Investment Association calls for Europe to reject Mifid II data pricing rules

The buy-side association has said the provisions have been watered down to the extent that they are "null and void."

The Investment Association, which represents the UK fund and asset manager community, has called for the European Parliament to reject incoming rules on pricing market data.

In a letter to MEPs, the association argues provisions on market data costs and dissemination and data aggregation, set out in Mifid II, “need to be rejected.”

Market participants have grown increasingly frustrated at rising data costs, with many believing that exchanges, which are amongst the biggest vendors of trading data, have been indulging in monopolistic practices, ramping up data fees as well as introducing complex and strict new data licensing measures.

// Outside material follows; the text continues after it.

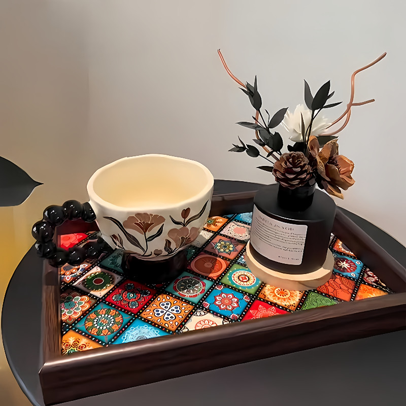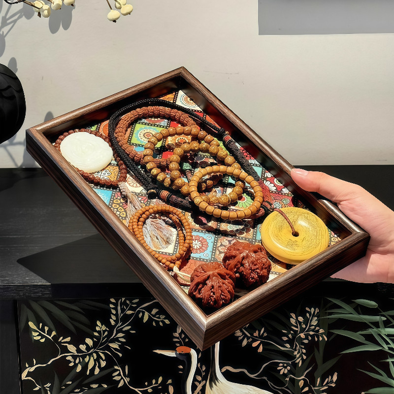 高档复古茶盘古桌面梳妆台精致装饰轻奢木质收纳酒杯茶水茶盘托盘

Provisions within Mifid II have attempted to address this, stating that the price for market data has to be set at a “reasonable commercial basis.” It also states that the price of market data should be based on the “cost of producing and disseminating it at a reasonable margin.”

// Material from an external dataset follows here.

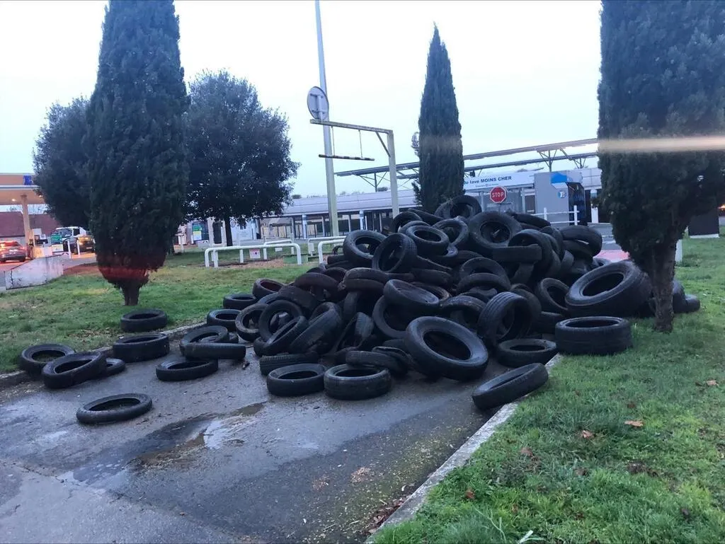 Un amoncellement de palette, fumier et détritus a été déposé devant les portes automatiques du centre commercial et l’accès au parking par la D323 a été barré par de nombreux pneus.

However, the letter from the association says that the provisions “have been watered down to such an extent to make them, in effect, null and void.”

The association also states that the regulation will allow exchanges and trading venues to define what type of clients use their data, and as a result, means “end-users will be beholden to the discretion of individual trading venues across Europe.”

It has called for a “true mandated consolidated tape” provision which would “decrease costs for end-users of the market.